▸ **Required action**
Please print each of the entries below exactly.

▸ **Collected data**
- - - - - - -

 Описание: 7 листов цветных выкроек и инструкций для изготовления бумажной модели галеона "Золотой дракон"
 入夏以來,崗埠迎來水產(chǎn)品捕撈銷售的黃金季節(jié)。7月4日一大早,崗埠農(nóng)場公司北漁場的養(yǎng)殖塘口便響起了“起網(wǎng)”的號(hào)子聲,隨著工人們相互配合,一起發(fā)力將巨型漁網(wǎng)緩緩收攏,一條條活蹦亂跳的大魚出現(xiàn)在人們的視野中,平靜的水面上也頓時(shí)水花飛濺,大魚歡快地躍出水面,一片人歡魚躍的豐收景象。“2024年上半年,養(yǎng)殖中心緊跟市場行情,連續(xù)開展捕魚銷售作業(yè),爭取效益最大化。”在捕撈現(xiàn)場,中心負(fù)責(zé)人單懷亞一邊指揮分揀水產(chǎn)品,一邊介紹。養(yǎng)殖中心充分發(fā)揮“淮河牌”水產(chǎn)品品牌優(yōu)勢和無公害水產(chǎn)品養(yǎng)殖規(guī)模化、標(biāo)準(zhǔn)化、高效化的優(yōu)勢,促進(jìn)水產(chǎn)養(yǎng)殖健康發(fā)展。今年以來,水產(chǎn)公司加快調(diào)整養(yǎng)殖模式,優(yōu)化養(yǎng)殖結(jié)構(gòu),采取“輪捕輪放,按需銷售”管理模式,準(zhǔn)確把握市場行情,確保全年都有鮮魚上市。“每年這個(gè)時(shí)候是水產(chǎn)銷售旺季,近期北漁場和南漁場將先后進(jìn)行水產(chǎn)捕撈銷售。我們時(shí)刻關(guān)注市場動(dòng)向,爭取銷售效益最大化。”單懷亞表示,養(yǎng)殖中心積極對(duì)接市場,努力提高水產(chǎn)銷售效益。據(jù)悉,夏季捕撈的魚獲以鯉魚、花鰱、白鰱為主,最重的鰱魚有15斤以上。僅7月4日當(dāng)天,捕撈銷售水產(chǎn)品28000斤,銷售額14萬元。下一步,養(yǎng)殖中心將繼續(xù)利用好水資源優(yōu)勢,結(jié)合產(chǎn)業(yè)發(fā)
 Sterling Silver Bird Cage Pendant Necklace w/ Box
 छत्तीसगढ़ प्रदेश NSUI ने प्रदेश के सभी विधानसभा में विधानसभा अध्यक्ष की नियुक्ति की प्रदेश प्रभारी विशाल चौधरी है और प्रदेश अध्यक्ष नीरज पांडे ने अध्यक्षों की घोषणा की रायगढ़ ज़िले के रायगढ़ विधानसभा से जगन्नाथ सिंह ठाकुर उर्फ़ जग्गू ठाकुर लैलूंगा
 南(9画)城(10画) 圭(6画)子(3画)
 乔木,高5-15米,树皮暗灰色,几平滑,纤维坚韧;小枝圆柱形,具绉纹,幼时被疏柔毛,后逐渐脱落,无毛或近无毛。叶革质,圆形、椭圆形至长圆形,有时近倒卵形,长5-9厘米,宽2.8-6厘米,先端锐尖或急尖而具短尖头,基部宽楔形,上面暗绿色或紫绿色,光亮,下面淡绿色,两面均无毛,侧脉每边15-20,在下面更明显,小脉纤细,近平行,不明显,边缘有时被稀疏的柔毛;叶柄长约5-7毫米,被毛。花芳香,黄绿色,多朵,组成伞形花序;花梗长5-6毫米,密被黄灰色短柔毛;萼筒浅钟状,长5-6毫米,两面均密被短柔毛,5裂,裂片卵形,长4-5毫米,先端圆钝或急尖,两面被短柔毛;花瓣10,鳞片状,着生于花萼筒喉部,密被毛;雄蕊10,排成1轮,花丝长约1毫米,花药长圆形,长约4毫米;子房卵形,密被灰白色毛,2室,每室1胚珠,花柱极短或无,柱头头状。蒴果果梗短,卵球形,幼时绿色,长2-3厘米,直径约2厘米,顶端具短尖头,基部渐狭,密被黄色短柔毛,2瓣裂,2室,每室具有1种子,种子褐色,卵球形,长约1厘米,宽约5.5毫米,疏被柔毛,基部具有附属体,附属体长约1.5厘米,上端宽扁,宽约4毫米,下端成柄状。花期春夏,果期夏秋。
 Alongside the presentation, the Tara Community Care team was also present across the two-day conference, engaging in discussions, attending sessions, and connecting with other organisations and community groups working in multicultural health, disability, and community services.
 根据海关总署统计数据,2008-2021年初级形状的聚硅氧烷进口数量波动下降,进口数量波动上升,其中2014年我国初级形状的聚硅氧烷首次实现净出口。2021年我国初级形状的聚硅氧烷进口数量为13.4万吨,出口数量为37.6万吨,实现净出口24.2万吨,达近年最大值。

- - - - - - -

▸ **Solution**
 Описание: 7 листов цветных выкроек и инструкций для изготовления бумажной модели галеона "Золотой дракон"
 入夏以來,崗埠迎來水產(chǎn)品捕撈銷售的黃金季節(jié)。7月4日一大早,崗埠農(nóng)場公司北漁場的養(yǎng)殖塘口便響起了“起網(wǎng)”的號(hào)子聲,隨著工人們相互配合,一起發(fā)力將巨型漁網(wǎng)緩緩收攏,一條條活蹦亂跳的大魚出現(xiàn)在人們的視野中,平靜的水面上也頓時(shí)水花飛濺,大魚歡快地躍出水面,一片人歡魚躍的豐收景象。“2024年上半年,養(yǎng)殖中心緊跟市場行情,連續(xù)開展捕魚銷售作業(yè),爭取效益最大化。”在捕撈現(xiàn)場,中心負(fù)責(zé)人單懷亞一邊指揮分揀水產(chǎn)品,一邊介紹。養(yǎng)殖中心充分發(fā)揮“淮河牌”水產(chǎn)品品牌優(yōu)勢和無公害水產(chǎn)品養(yǎng)殖規(guī)模化、標(biāo)準(zhǔn)化、高效化的優(yōu)勢,促進(jìn)水產(chǎn)養(yǎng)殖健康發(fā)展。今年以來,水產(chǎn)公司加快調(diào)整養(yǎng)殖模式,優(yōu)化養(yǎng)殖結(jié)構(gòu),采取“輪捕輪放,按需銷售”管理模式,準(zhǔn)確把握市場行情,確保全年都有鮮魚上市。“每年這個(gè)時(shí)候是水產(chǎn)銷售旺季,近期北漁場和南漁場將先后進(jìn)行水產(chǎn)捕撈銷售。我們時(shí)刻關(guān)注市場動(dòng)向,爭取銷售效益最大化。”單懷亞表示,養(yǎng)殖中心積極對(duì)接市場,努力提高水產(chǎn)銷售效益。據(jù)悉,夏季捕撈的魚獲以鯉魚、花鰱、白鰱為主,最重的鰱魚有15斤以上。僅7月4日當(dāng)天,捕撈銷售水產(chǎn)品28000斤,銷售額14萬元。下一步,養(yǎng)殖中心將繼續(xù)利用好水資源優(yōu)勢,結(jié)合產(chǎn)業(yè)發(fā)
 Sterling Silver Bird Cage Pendant Necklace w/ Box
 छत्तीसगढ़ प्रदेश NSUI ने प्रदेश के सभी विधानसभा में विधानसभा अध्यक्ष की नियुक्ति की प्रदेश प्रभारी विशाल चौधरी है और प्रदेश अध्यक्ष नीरज पांडे ने अध्यक्षों की घोषणा की रायगढ़ ज़िले के रायगढ़ विधानसभा से जगन्नाथ सिंह ठाकुर उर्फ़ जग्गू ठाकुर लैलूंगा
 南(9画)城(10画) 圭(6画)子(3画)
 乔木,高5-15米,树皮暗灰色,几平滑,纤维坚韧;小枝圆柱形,具绉纹,幼时被疏柔毛,后逐渐脱落,无毛或近无毛。叶革质,圆形、椭圆形至长圆形,有时近倒卵形,长5-9厘米,宽2.8-6厘米,先端锐尖或急尖而具短尖头,基部宽楔形,上面暗绿色或紫绿色,光亮,下面淡绿色,两面均无毛,侧脉每边15-20,在下面更明显,小脉纤细,近平行,不明显,边缘有时被稀疏的柔毛;叶柄长约5-7毫米,被毛。花芳香,黄绿色,多朵,组成伞形花序;花梗长5-6毫米,密被黄灰色短柔毛;萼筒浅钟状,长5-6毫米,两面均密被短柔毛,5裂,裂片卵形,长4-5毫米,先端圆钝或急尖,两面被短柔毛;花瓣10,鳞片状,着生于花萼筒喉部,密被毛;雄蕊10,排成1轮,花丝长约1毫米,花药长圆形,长约4毫米;子房卵形,密被灰白色毛,2室,每室1胚珠,花柱极短或无,柱头头状。蒴果果梗短,卵球形,幼时绿色,长2-3厘米,直径约2厘米,顶端具短尖头,基部渐狭,密被黄色短柔毛,2瓣裂,2室,每室具有1种子,种子褐色,卵球形,长约1厘米,宽约5.5毫米,疏被柔毛,基部具有附属体,附属体长约1.5厘米,上端宽扁,宽约4毫米,下端成柄状。花期春夏,果期夏秋。
 Alongside the presentation, the Tara Community Care team was also present across the two-day conference, engaging in discussions, attending sessions, and connecting with other organisations and community groups working in multicultural health, disability, and community services.
 根据海关总署统计数据,2008-2021年初级形状的聚硅氧烷进口数量波动下降,进口数量波动上升,其中2014年我国初级形状的聚硅氧烷首次实现净出口。2021年我国初级形状的聚硅氧烷进口数量为13.4万吨,出口数量为37.6万吨,实现净出口24.2万吨,达近年最大值。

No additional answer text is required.